Seiyu Ltd., a subsidiary of U.S. retail giant Wal-Mart, said Tuesday it posted a group net loss of ¥6.9 billion in the January-June period due to weak clothing sales and sluggish growth in tenant sales.
The loss narrowed from the ¥54 billion posted a year ago, but its net loss did not shrink as much as initially planned.
Seiyu's operating loss widened to ¥2.2 billion from a loss of ¥1.4 billion in the same period last year, while sales declined 1.4 percent to ¥461.6 billion.
"I am disappointed that we were unable to achieve our sales targets," Seiyu CEO Ed Kolodzieski said at a news conference.
In December 2005, Wal-Mart increased its stake in Seiyu from 42 percent to 53 percent and has since been struggling to rebuild the supermarket chain. Losses have shrunk since then, but Seiyu has yet to return to a net profit.

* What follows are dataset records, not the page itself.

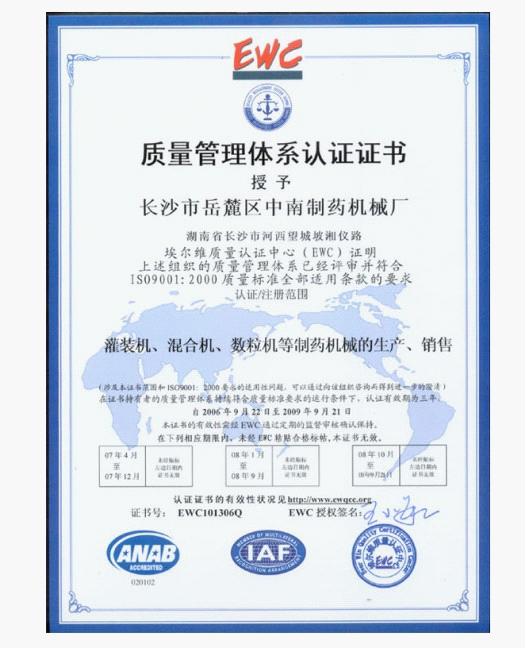 經(jīng)過(guò)3年的努力,我廠認(rèn)真按國(guó)際6S規(guī)范辦事,終結(jié)碩果。2006年9月,EWC國(guó)際認(rèn)證中心對(duì)我廠全方位嚴(yán)格評(píng)審,一舉通過(guò)ISO9001:2000質(zhì)量標(biāo)準(zhǔn)全部適用條款。該證書(shū)的取得,標(biāo)志著我廠全面質(zhì)量管理從此躍上了一個(gè)嶄新的臺(tái)階,也為我廠產(chǎn)品走向世界鋪出了一條綠色通道。
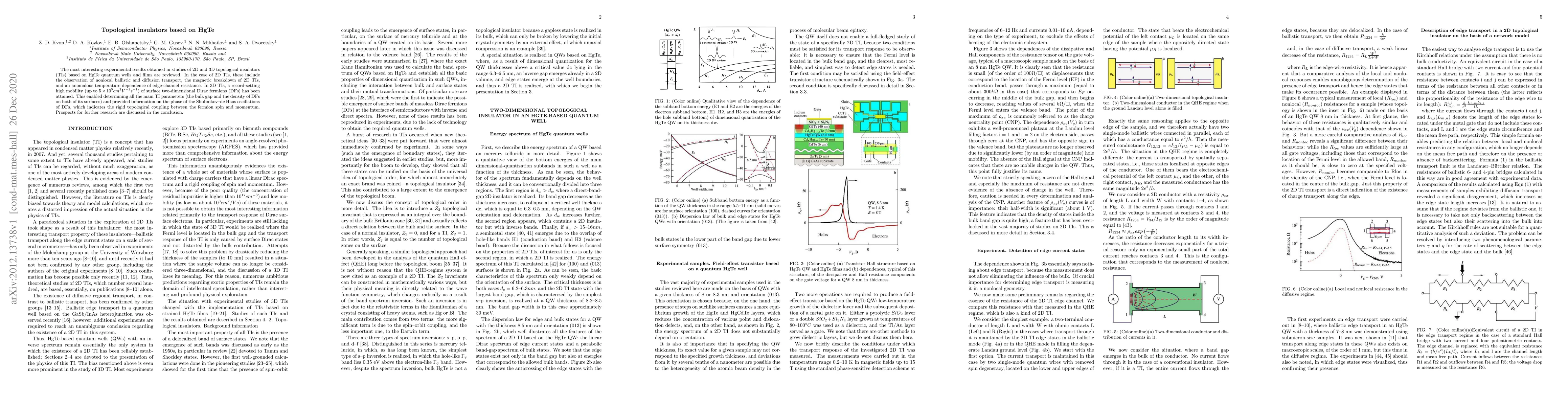 The most interesting experimental results obtained in studies of 2D and 3D topological insulators (TIs) based on HgTe quantum wells and films are reviewed. In the case of 2D TIs, these include the observation of nonlocal ballistic and diffusion transport, the magnetic breakdown of 2D TIs, and an anomalous temperature dependence of edge-channel resistance. In 3D TIs, a record-setting high mobility of surface two-dimensional Dirac fermions (DFs) has been attained. This enabled determining all the main TI parameters (the bulk gap and the density of DFs on both of its surfaces) and provided information on the phase of the Shubnikov - de Haas oscillations of DFs, which indicates the rigid topological coupling between the fermion spin and momentum. Prospects for further research are discussed in the conclusion.
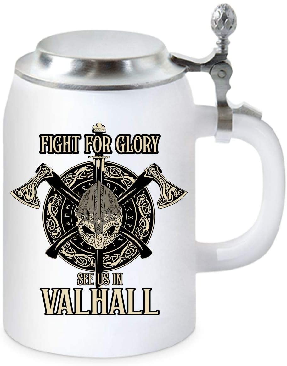 Bierkrug 0,5L Keramik mit Flachdeckel - Wikinger - Fight for Glory
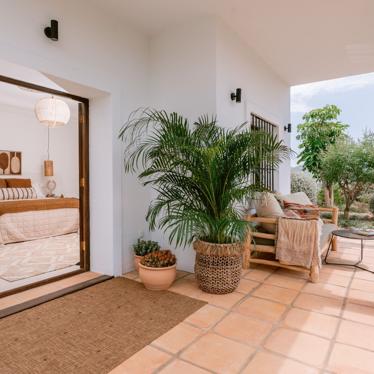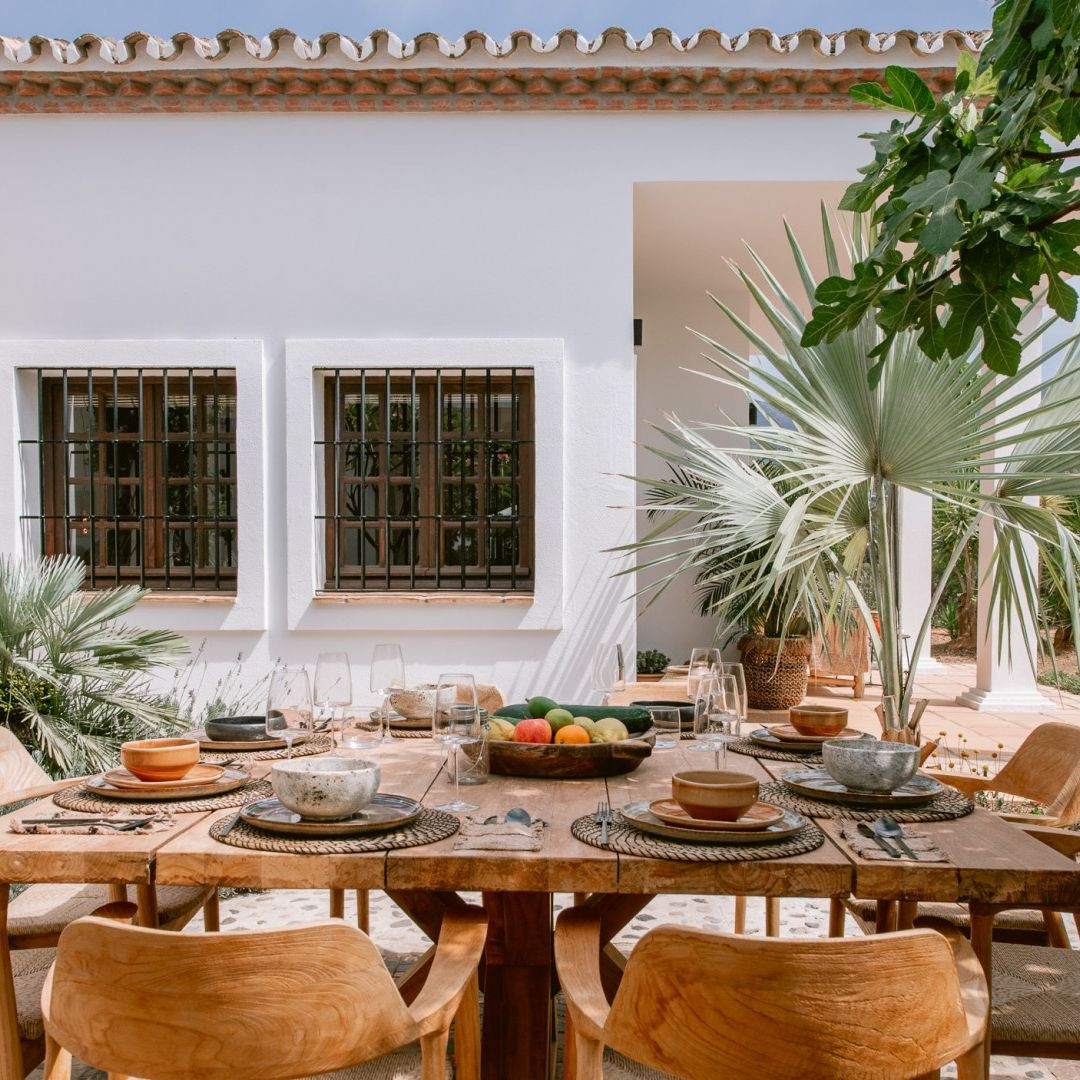 Z salonu jest bezpoÅ›redni dostÄ™p do zadaszonych tarasów, centralnego, żwirowego dziedziÅ„ca i ogrodów. ZostaÅ‚y one starannie zaprojektowane, aby ożywić Å›ródziemnomorskÄ… istotÄ™. Jest wiele miejsc do jedzenia i picia wina na zewnÄ…trz, lub po prostu do czytania książki, lub podziwiania niesamowicie dobrze zagospodarowanych ogrodów. PÅ‚ynne połączenie wnÄ™trza i zewnÄ™trza tworzy rajskie, wakacyjne uczucie. Z dziedziÅ„ca jest niezależne wejÅ›cie do trzeciego apartamentu w lewym skrzydle Cortijo.
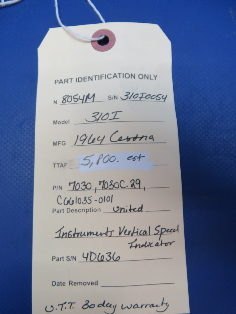 Cessna 310 / 310I United Instruments Vertical Speed Indicator. P/N 7030, 7030C.29, C661035-0101. S/N 40636. We are unable to test this unit, however, we are selling this unit with a 30 day warranty. Removed in good condition from a parted out 1964 Cessna 310I N8054M, S/N 310I0054. Est. TTAF 5,800.0. Guaranteed to pass inspection or your money back.
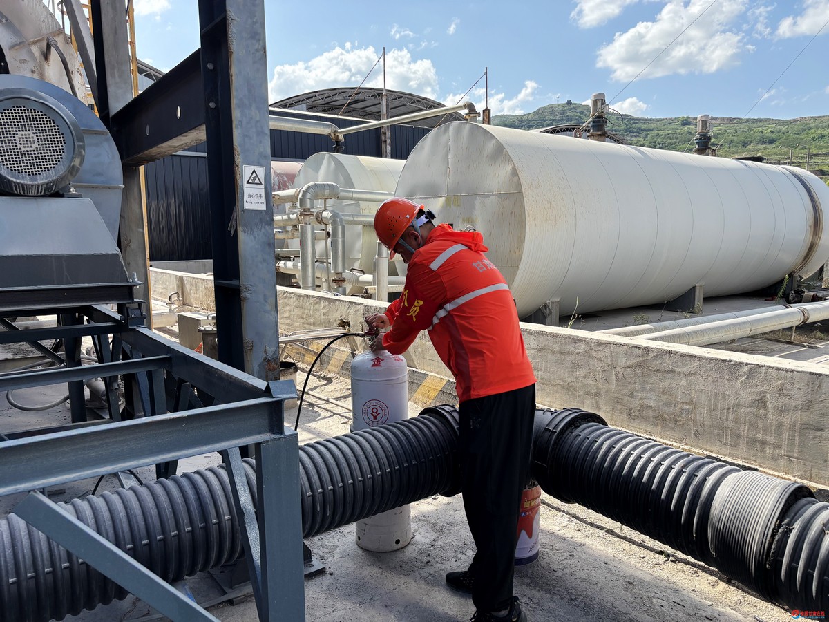 中国甘肃在线礼县讯 为保障高温天气下的生产安全,近日,陇南公路事业发展中心礼县公路段以“人人讲安全、个个会应急——查找身边安全隐患”为主题,开展拌合楼安全隐患排查行动。安全员从细微处入手仔细排查了消防器材、仪表盘、气压表、配电箱、燃烧乙烷管
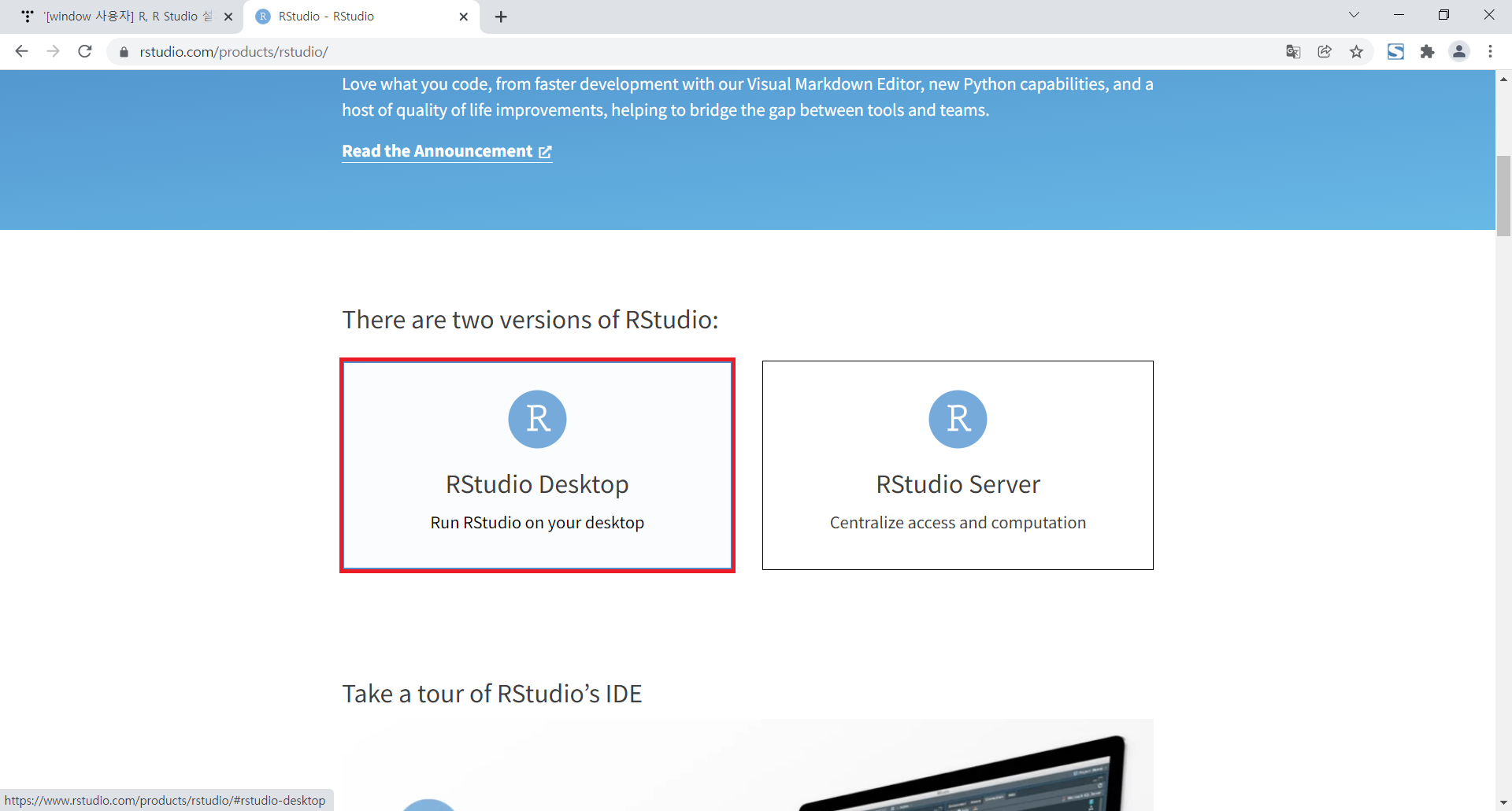 ㅇ 스크롤 조금 내려보면 찾을 수 있는 RStudio Desktop 클릭
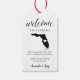 ett välkomstmeddelande till era gäster i Florida bröllop med dessa märkre för chic som är perfekt att fästa vid era välkomstpåsar i bröllop. Utformningen innehåller ditt välkomstmeddelande i svart skrift med en silhuett karta i delstaten Florida med ett hjärta inuti.
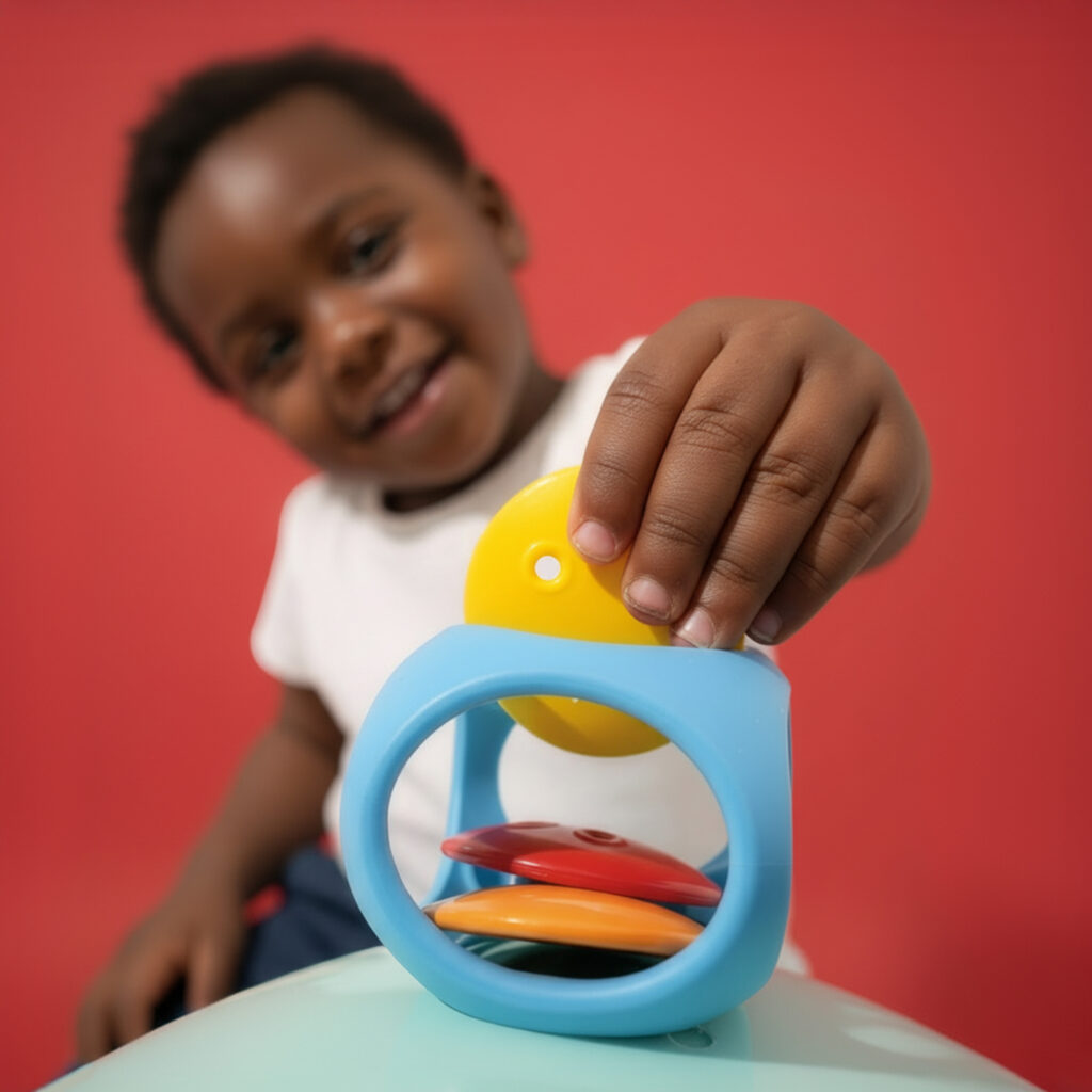 Strumenti e giocattoli musicali per avvicinare i bambini al ritmo e ai suoni, stimolando coordinazione, ascolto e sensibilità musicale.
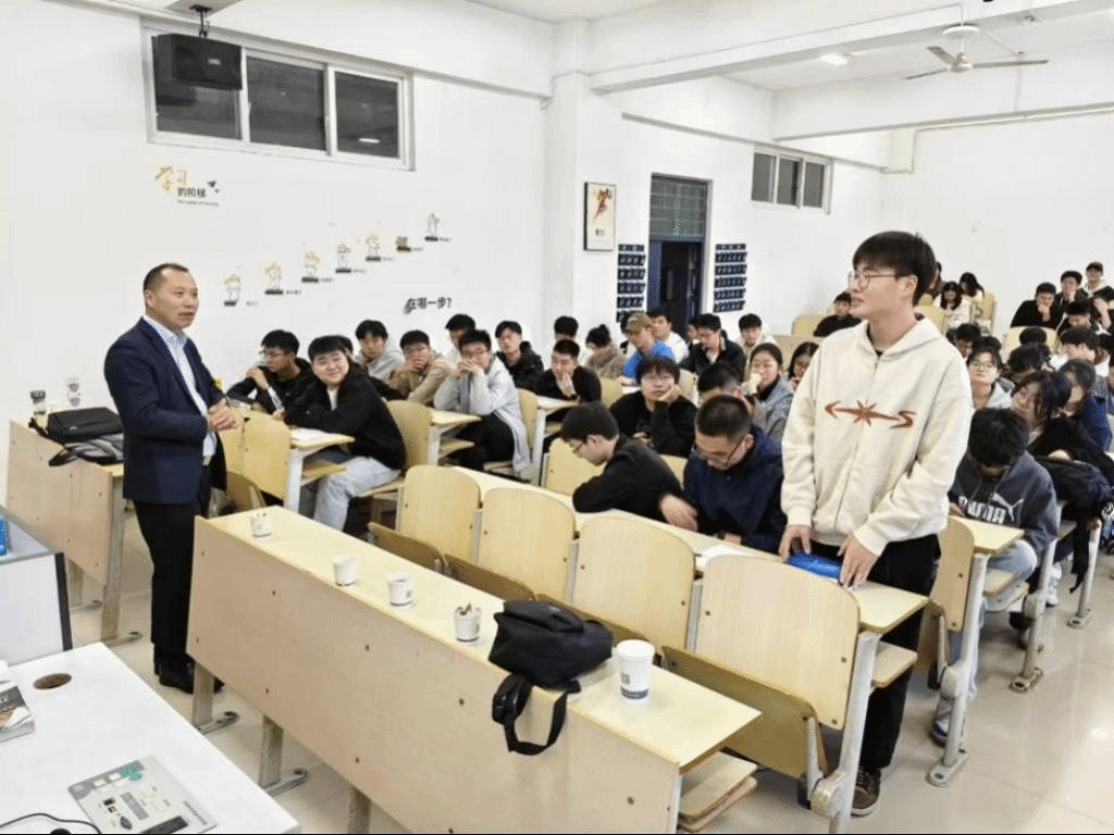王明梁首先对祝磊院长一行的到来表示热烈欢迎,就同学们关心的未来职业规划情况,特别是针对目前计划与准备考研的相关事宜进行了针对性说明,从个人发展的角度鼓励各位同学继续升学深造。

Seiyu also revised its forecast downward for the full year through December. It expects to post a net loss of ¥5.9 billion, down from its February forecast of ¥800 million in profit.
It now expects to post sales of ¥963 billion, a downward revision from ¥992.1 billion.
Seiyu's same-store sales for the first half dropped 1.1 percent. The supermarket chain said it expects the figure to rise to 0.2 percent in the full year to December.
Seiyu's balance sheet worsened in the first half as total assets shrank ¥10.9 billion to ¥537 billion.